▸ Dataset records
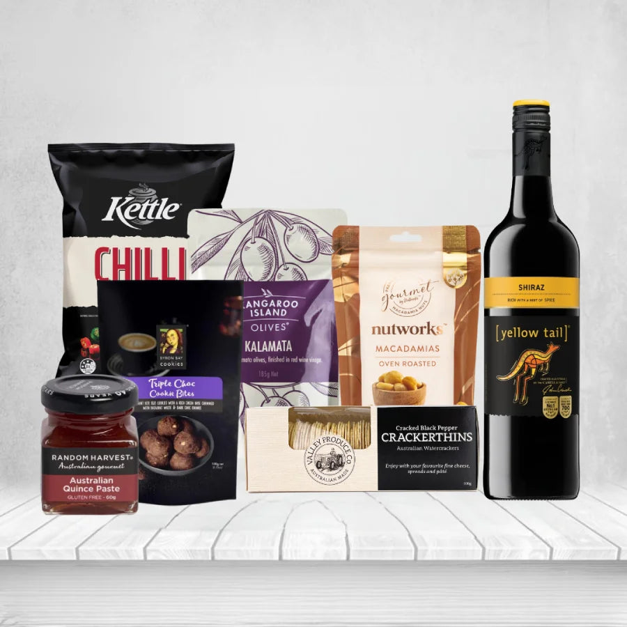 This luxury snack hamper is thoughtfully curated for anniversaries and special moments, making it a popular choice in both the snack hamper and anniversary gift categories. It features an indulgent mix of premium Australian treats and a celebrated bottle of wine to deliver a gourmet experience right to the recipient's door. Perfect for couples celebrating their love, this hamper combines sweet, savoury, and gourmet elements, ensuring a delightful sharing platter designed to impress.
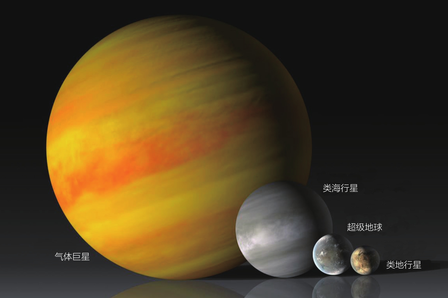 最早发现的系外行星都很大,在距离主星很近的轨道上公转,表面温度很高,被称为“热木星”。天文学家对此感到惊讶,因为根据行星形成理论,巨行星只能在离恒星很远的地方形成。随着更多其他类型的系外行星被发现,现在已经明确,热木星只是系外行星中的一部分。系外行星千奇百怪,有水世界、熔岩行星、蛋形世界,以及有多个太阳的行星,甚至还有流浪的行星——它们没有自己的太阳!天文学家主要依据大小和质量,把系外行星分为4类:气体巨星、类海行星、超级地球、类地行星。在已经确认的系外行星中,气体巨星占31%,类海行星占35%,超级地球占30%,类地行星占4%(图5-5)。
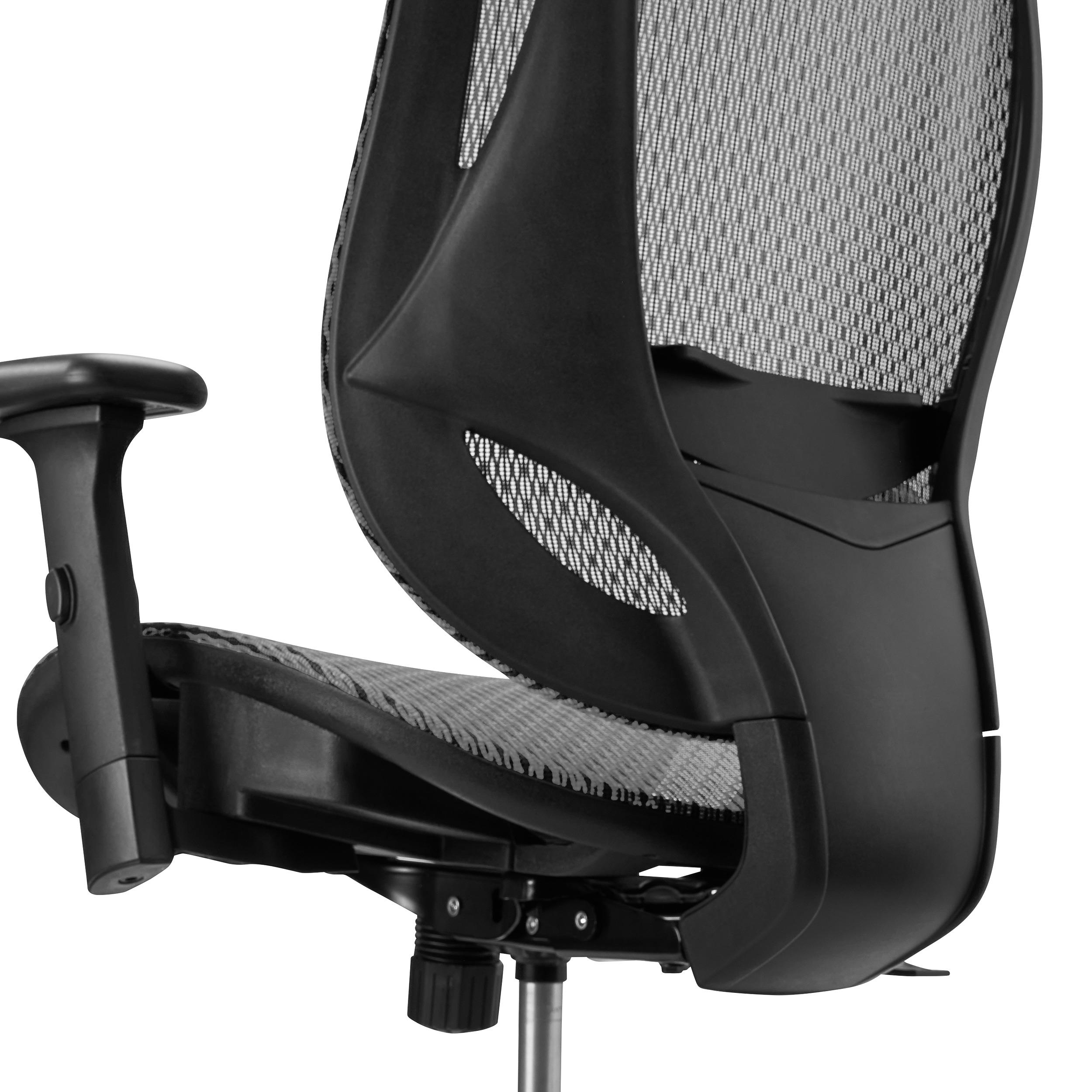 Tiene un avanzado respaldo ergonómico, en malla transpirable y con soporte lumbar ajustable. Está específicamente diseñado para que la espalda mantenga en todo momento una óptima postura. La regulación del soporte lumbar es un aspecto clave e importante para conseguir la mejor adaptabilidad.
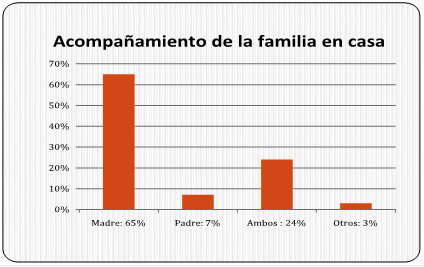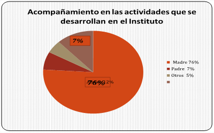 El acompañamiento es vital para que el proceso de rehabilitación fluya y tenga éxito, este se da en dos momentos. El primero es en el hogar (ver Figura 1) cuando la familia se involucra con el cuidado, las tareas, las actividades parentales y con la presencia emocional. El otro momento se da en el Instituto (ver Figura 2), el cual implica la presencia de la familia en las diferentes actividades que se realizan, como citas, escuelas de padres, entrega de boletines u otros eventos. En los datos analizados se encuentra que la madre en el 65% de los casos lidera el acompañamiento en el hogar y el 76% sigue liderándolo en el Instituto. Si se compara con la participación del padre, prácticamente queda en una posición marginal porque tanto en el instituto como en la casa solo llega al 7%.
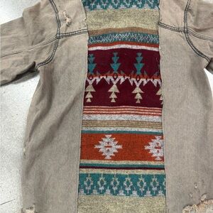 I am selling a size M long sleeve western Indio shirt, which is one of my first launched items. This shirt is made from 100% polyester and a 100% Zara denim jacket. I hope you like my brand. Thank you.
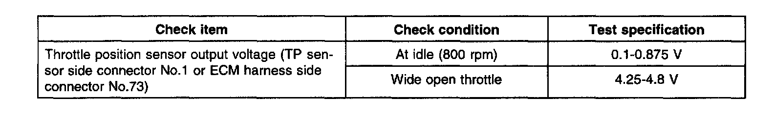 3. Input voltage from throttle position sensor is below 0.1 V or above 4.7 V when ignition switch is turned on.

---

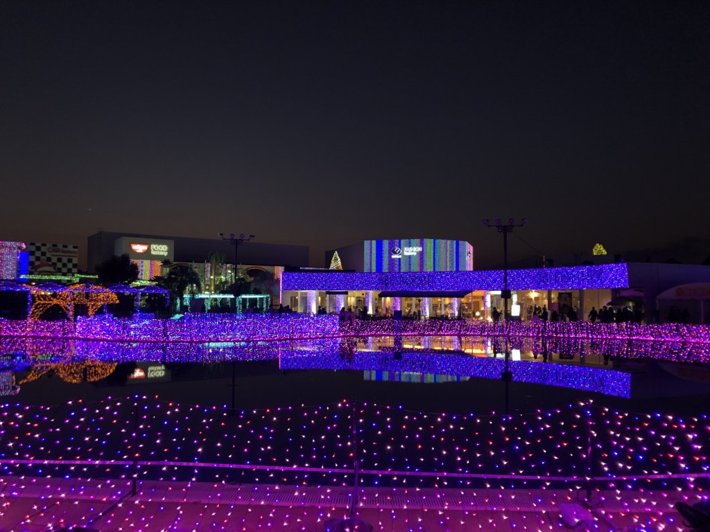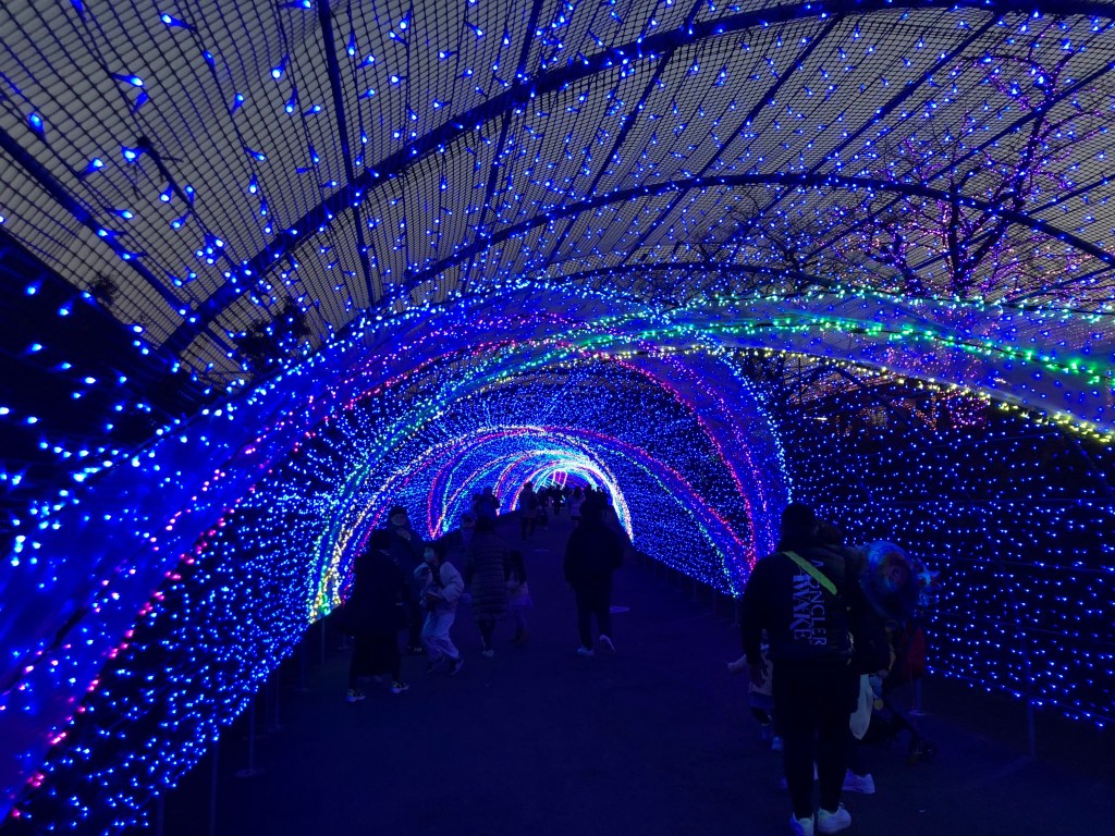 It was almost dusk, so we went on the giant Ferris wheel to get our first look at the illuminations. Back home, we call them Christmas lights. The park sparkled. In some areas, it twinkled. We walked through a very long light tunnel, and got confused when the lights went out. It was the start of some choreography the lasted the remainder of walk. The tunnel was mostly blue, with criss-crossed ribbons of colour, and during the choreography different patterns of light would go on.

▸ Try it
From the line with "I am selling" up to and including the line with "3. Input voltage" above, retype every line exactly and nothing more; leave out the pictures.

▸ Solution for this task
 I am selling a size M long sleeve western Indio shirt, which is one of my first launched items. This shirt is made from 100% polyester and a 100% Zara denim jacket. I hope you like my brand. Thank you.
 3. Input voltage from throttle position sensor is below 0.1 V or above 4.7 V when ignition switch is turned on.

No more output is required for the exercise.